L’iniziativa del Lazio: fondi per i tatuaggi medicali
Proprio per aiutare anche economicamente chi ha bisogno di un tatuaggio medicale la Regione Lazio ha approvato un finanziamento speciale, pensato per le donne che hanno avuto un tumore al seno e in particolare per chi ha subito una mastectomia. Grazie alla collaborazione con le associazioni vicine alle donne malate oncologiche è stata messa a punto una legge regionale in 12 articoli che copre le lacune del settore. «Al fine di sostenere le donne che si sono sottoposte ad intervento di asportazione e ricostruzione dell’areola mammaria e di alleviarne il disagio psicologico – si legge nell’articolo 9 – la Giunta regionale disciplina, con deliberazione, i requisiti e i criteri di priorità per l’accesso a contributi per consentire i tatuaggi per la correzione di difetti della cute in detta area, nonché i requisiti per realizzare tali tatuaggi, secondo la normativa vigente». «Molte donne possono ricorrere alla ricostruzione del seno dopo l’intervento di asportazione parziale o totale, ma per molte altre questa non è una strada percorribile, per diverse ragioni. E’ per loro che abbiamo pensato questa norma. Vogliamo dare loro la possibilità di avere un tatuaggio medicale ed estetico, alcuni dei quali sono molto estesi, ma molto belli» spiega la consigliera regionale Sara Battisti. Al momento sono stati decisi fondi per 180mila euro all’anno per tre anni (2021-2023) per i tatuaggi medicali per le donne che hanno subito mastectomia e 50mila euro all’anno per le campagne di comunicazione.

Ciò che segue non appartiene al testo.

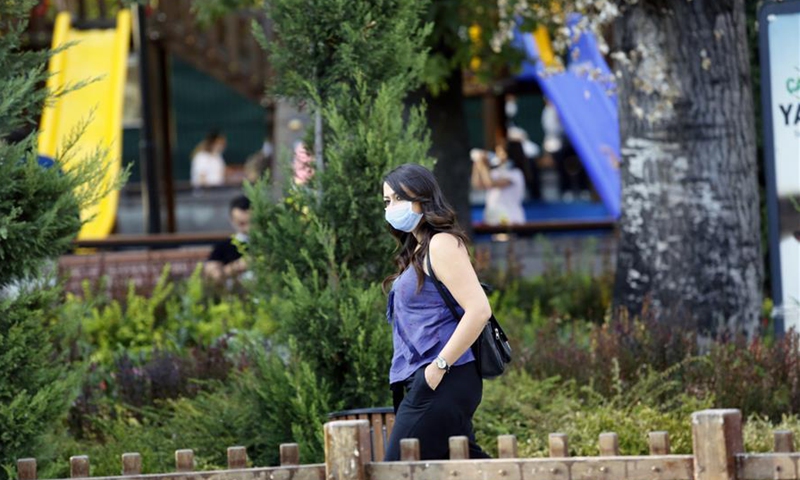 A woman wearing a face mask walks in a park in Ankara, Turkey, on Aug. 28, 2020. Turkey confirmed 1,517 new COVID-19 cases on Friday, raising the total diagnosed patients to 265,515, Turkish Health Minister Fahrettin Koca said. (Photo by Mustafa Kaya/Xinhua)
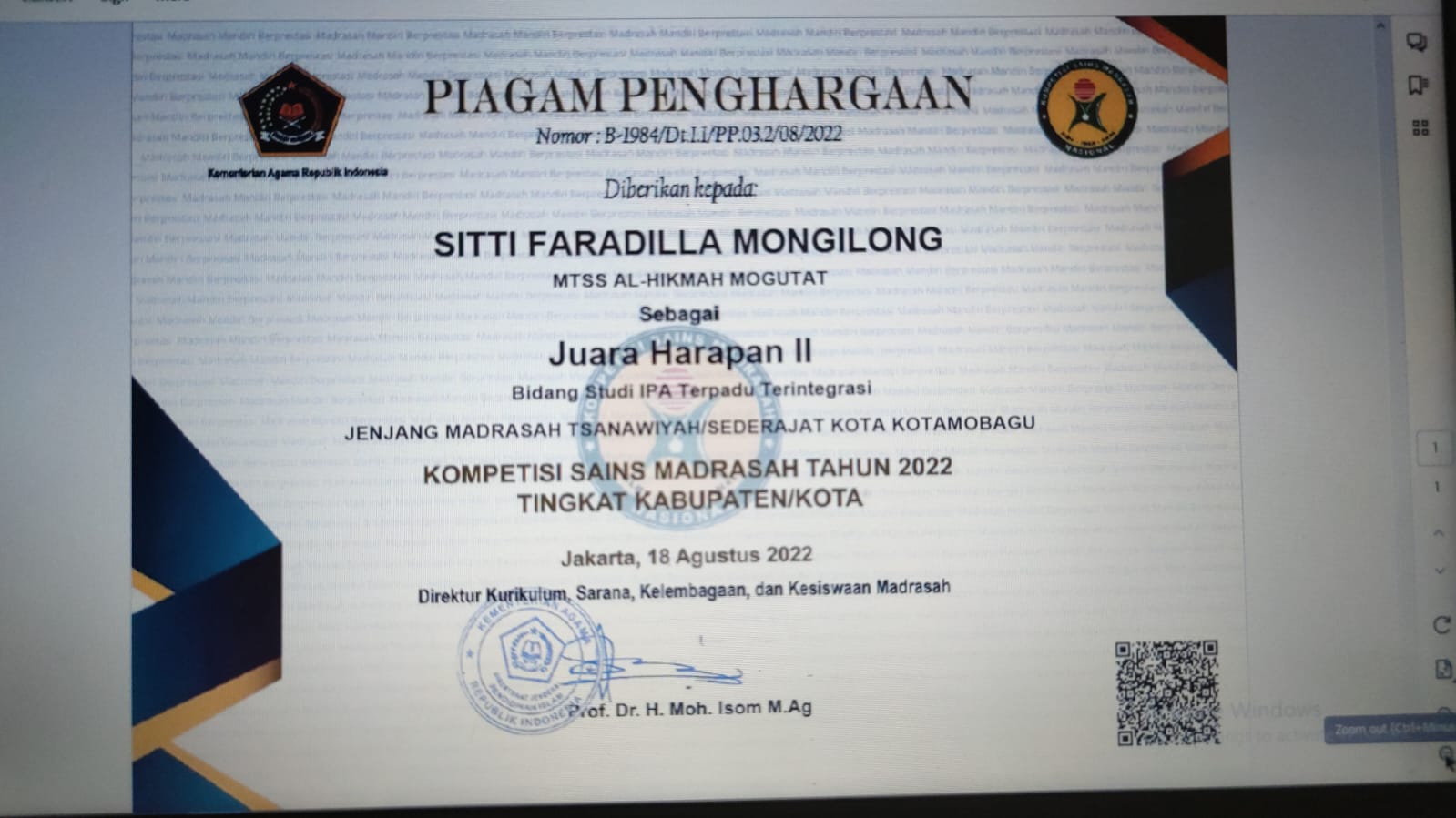 Direktorat Pendidikan Islam Kemenag RI tgl. Oktober 2020 di Lab Komputer MTs negeri 1 Kotamobagu |

«È senz’altro un’iniziativa valida, che andrebbe estesa a livello nazionale, perché manca una regolamentazione uguale in tutto il territorio e sono pochi i progetti simili. Tra questi ci sono gli esempi di Veneto e Friuli Venezia Giulia, dove i tatuaggi medicali hanno ottenuto il riconoscimento di Lea, i livelli elementari di assistenza sanitaria, per le pazienti oncologiche, pur trattandosi di interventi estetici e non prettamente sanitari» conclude Minaldo.